The old house from the 40s was renovated, won architectural awards and is now filling up with people looking for rest.
It was a simple house, of simple people. Modest in character and, in this case, also in name. It was near Olhão, in a rural area overlooking the Ria Formosa, that Carlos Fernandes’ great-grandparents built a small house where three generations would grow. Built in the 1940s, it was also modest in size.
“It had a living room, a kitchen and two bedrooms. It seems a lie when I say that there could be two rooms there, but the beds were also narrow”
There lived the great-grandparents, the grandparents and, until 1999, Carlos and the brothers, Vânia and Pedro — the three responsible for giving new life to the old house, which opened as a hotel in 2016. The start could not have been better.

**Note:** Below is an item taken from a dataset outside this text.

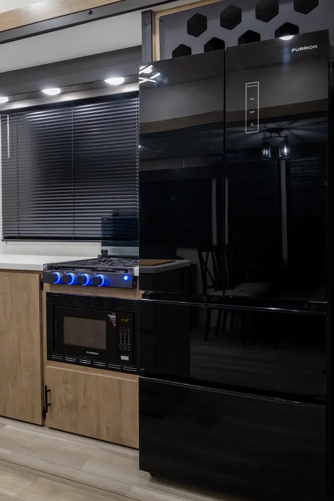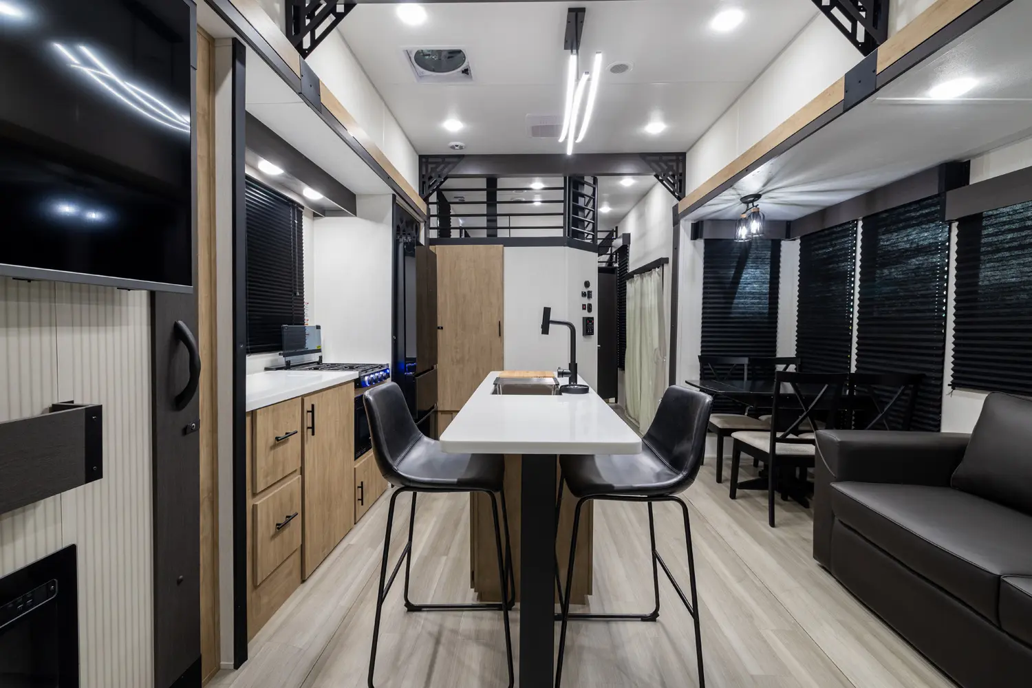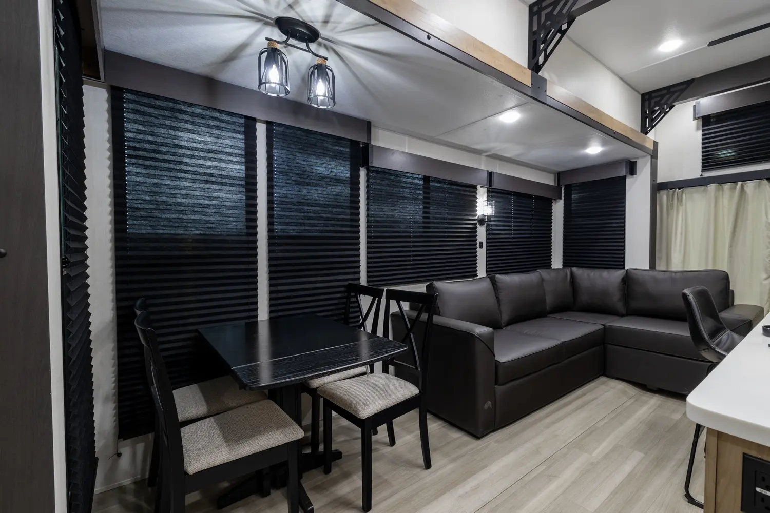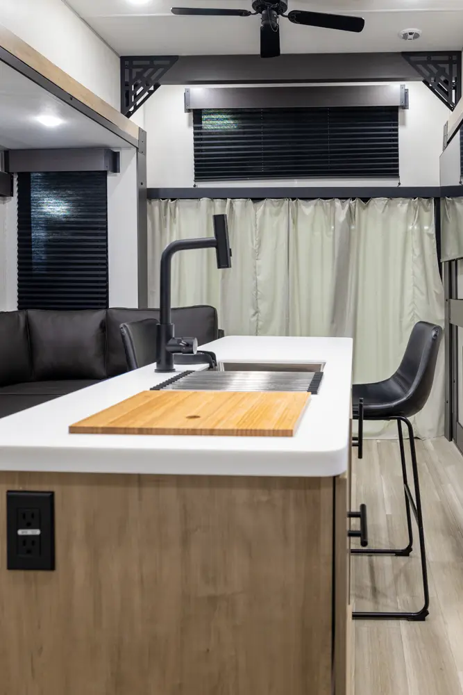 The first destination trailer in the Campsite Reserve brand is finally here! This unique model was designed with a sliding glass door and L-shaped sectional that make the living room feel truly expansive. This model is also highlighted by 2 queen beds and a king size bed in the primary suite.

The following year, Casa Modesta was elected by “Condé Nast Johansens” as the best environmental hotel in Europe. Later, another distinction would come, this time with deserved praise for the architecture of the buildings: it was the choice of the jury in the Architizer A+ awards, in the hotel category.

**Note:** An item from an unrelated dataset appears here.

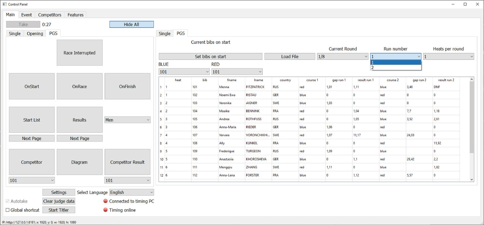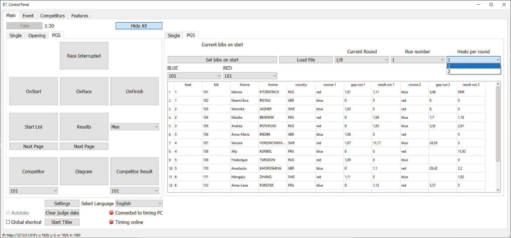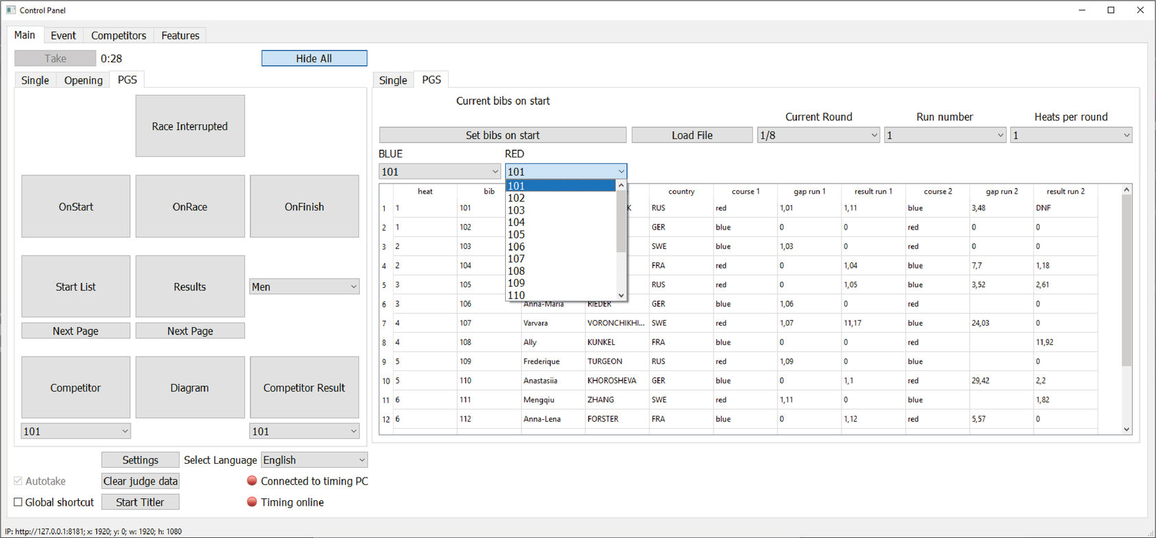 В поле BLUE (синяя трасса, левая на экране) укажите BIB соответствующего спортсмена из выпадающего списка.

It was the boost they needed to draw in much of the audience they envisioned the day they completed the project. But beyond the distinctions, what Carlos really wanted was for guests to be able to “disconnect from the city” and “enjoy nature”.
Casa Modesta delivers on its promises. The simple and minimalist features of the architecture and decoration — Vânia Fernandes was also one of the architects of the project, idealized by Par, with decoration by The Home Project — anticipate the simplicity of the rooms and common spaces. No decorative excesses, raw colors and materials, simple. All in tune for such a seamless disconnection.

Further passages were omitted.